MIAMI >> Burger King is trying to revive its ailing empire with a rival's recipe for success.

After years of lackluster sales of its Whoppers and fries, the struggling fast-food giant on Monday launched 10 food items in its biggest menu expansion since the chain was started in 1954.

But there are unmistakable similarities between Burger King's new lineup and the offerings its much-bigger rival McDonald's has rolled out in recent years. The Golden Arches already rolled out specialty salads in 2003, snack wraps in 2006, premium coffee drinks in 2009, and fruit smoothies in 2010.

Burger King doesn't deny that its new chicken strips, caramel frappe coffees, Caesar salads and strawberry-banana smoothies sound pretty close to those on McDonald's popular menu. But executives say the company came up with them through its research.

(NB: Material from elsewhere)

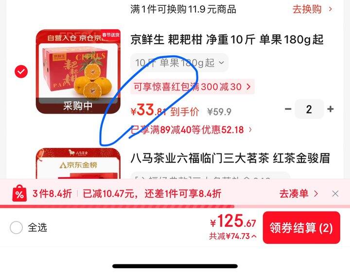 2,京鲜生 耙耙柑 净重10斤 单果180g起
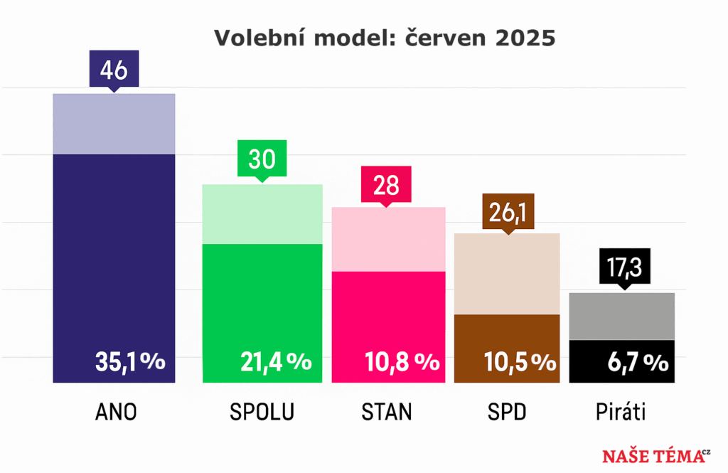 Podle nejnovějšího volebního modelu agentury Ipsos by hnutí ANO pod vedením Andreje Babiše v podzimních volbách dominovalo s podporou 35,1 % voličů. Vládní koalice SPOLU by získala 21,4 %, což znamená drobný nárůst oproti předchozímu měření.

"Consumers wanted more choices," said Steve Wiborg, president of Burger King's North America operations. "Not just healthy choices, but choices they could get at the competition."

The menu additions are part of Burger King's plan to abandon its nearly single-minded courtship of young men, who were once the lifeblood of the industry but were hard hit by the economic downturn. Competitors went after new customers with breakfast items and healthier fare, but Burger King let its menu get stale. As a result, Burger King for the first time was edged out by Wendy's last year as the nation's No. 2 burger chain. McDonald's solidified its hold on No. 1.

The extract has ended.